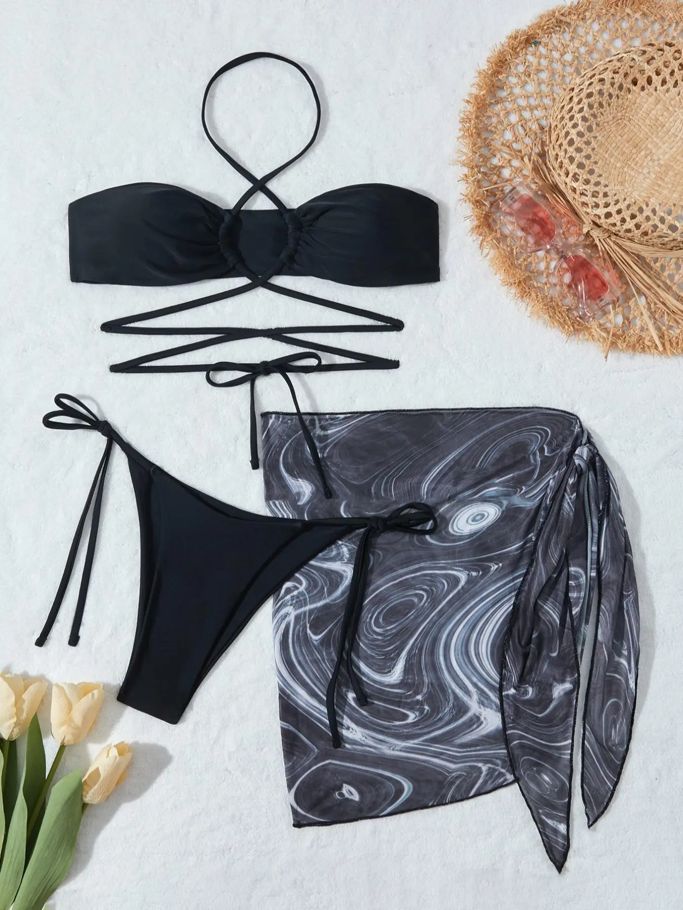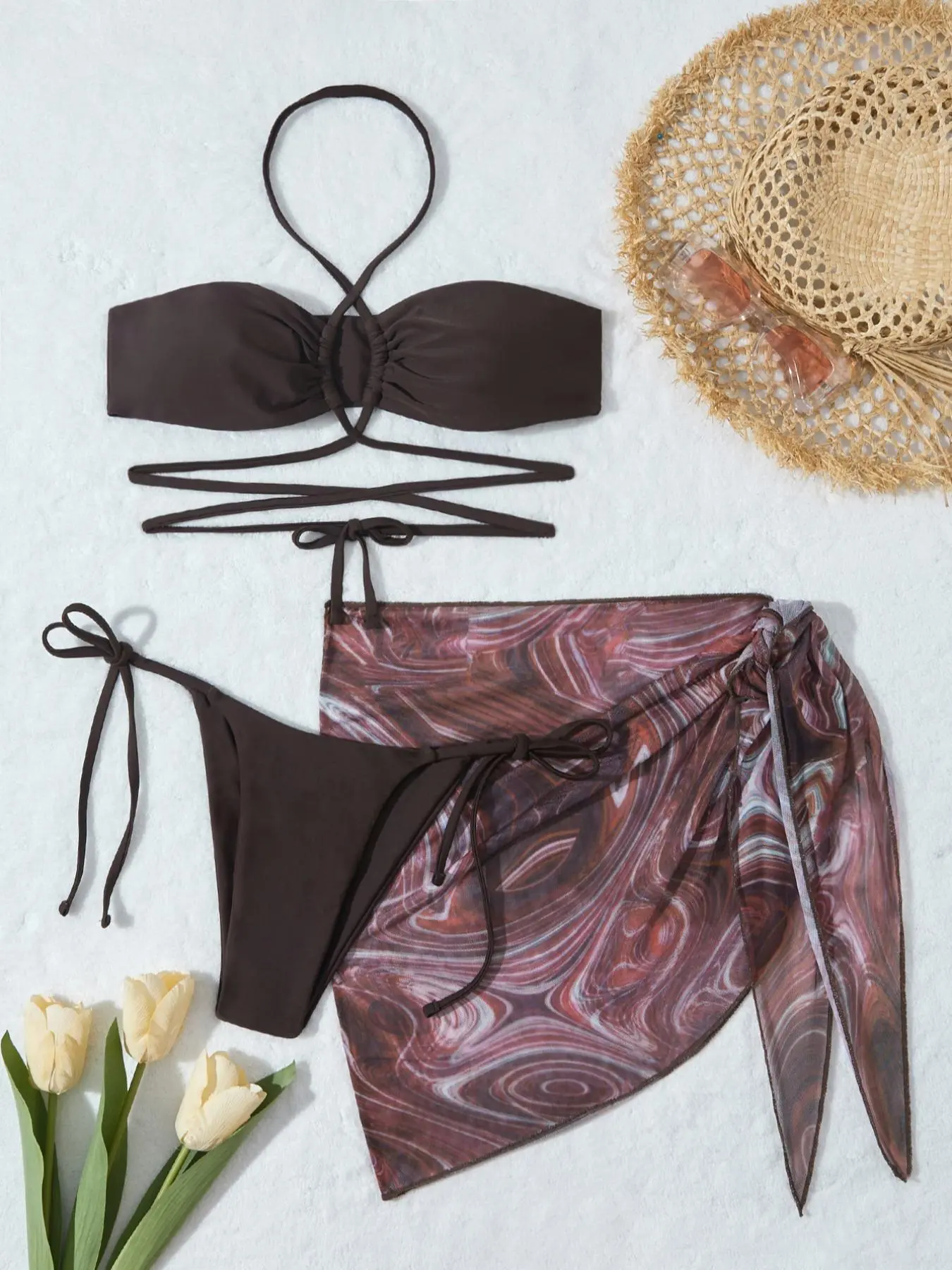 very cute bikini, its very skimpy, its either crack out or bush out. i was a little confused how to tie the top but i got it, if you have a heavier chest you run the risk of a nip slip if you readjust, wear nip covers 🤞🏼. still sooo cute i will be wearing it.
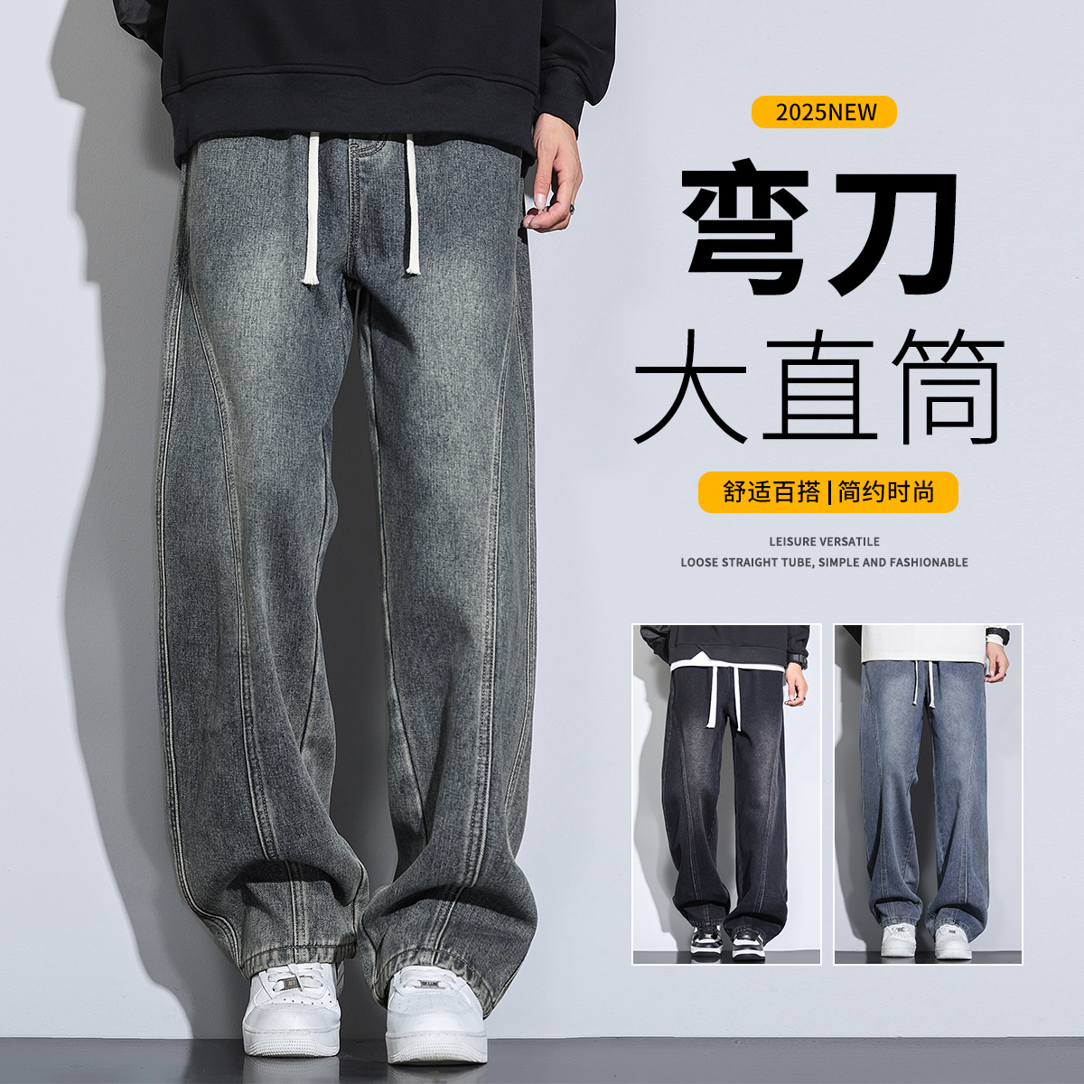 FA42348# 秋季新款男士时尚潮牌牛仔裤男韩版休闲裤子男直筒牛仔长裤 男装批发
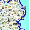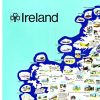 The strong coastal outline, rendered in deep blue, establishes a clear boundary that contains an active interior. Within it, castles, abbeys, towns, and landscapes are depicted in a consistent, approachable graphic style that compresses historical time into a single continuous present. This flattening allows medieval architecture, folklore references, and modern life to coexist without hierarchy, reinforcing a sense of Ireland as layered but unified.

_Your assignment_
Repeat the data exactly as given. Keep every picture out of the copy.

_Exercise answer_
 very cute bikini, its very skimpy, its either crack out or bush out. i was a little confused how to tie the top but i got it, if you have a heavier chest you run the risk of a nip slip if you readjust, wear nip covers 🤞🏼. still sooo cute i will be wearing it.
 FA42348# 秋季新款男士时尚潮牌牛仔裤男韩版休闲裤子男直筒牛仔长裤 男装批发
 The strong coastal outline, rendered in deep blue, establishes a clear boundary that contains an active interior. Within it, castles, abbeys, towns, and landscapes are depicted in a consistent, approachable graphic style that compresses historical time into a single continuous present. This flattening allows medieval architecture, folklore references, and modern life to coexist without hierarchy, reinforcing a sense of Ireland as layered but unified.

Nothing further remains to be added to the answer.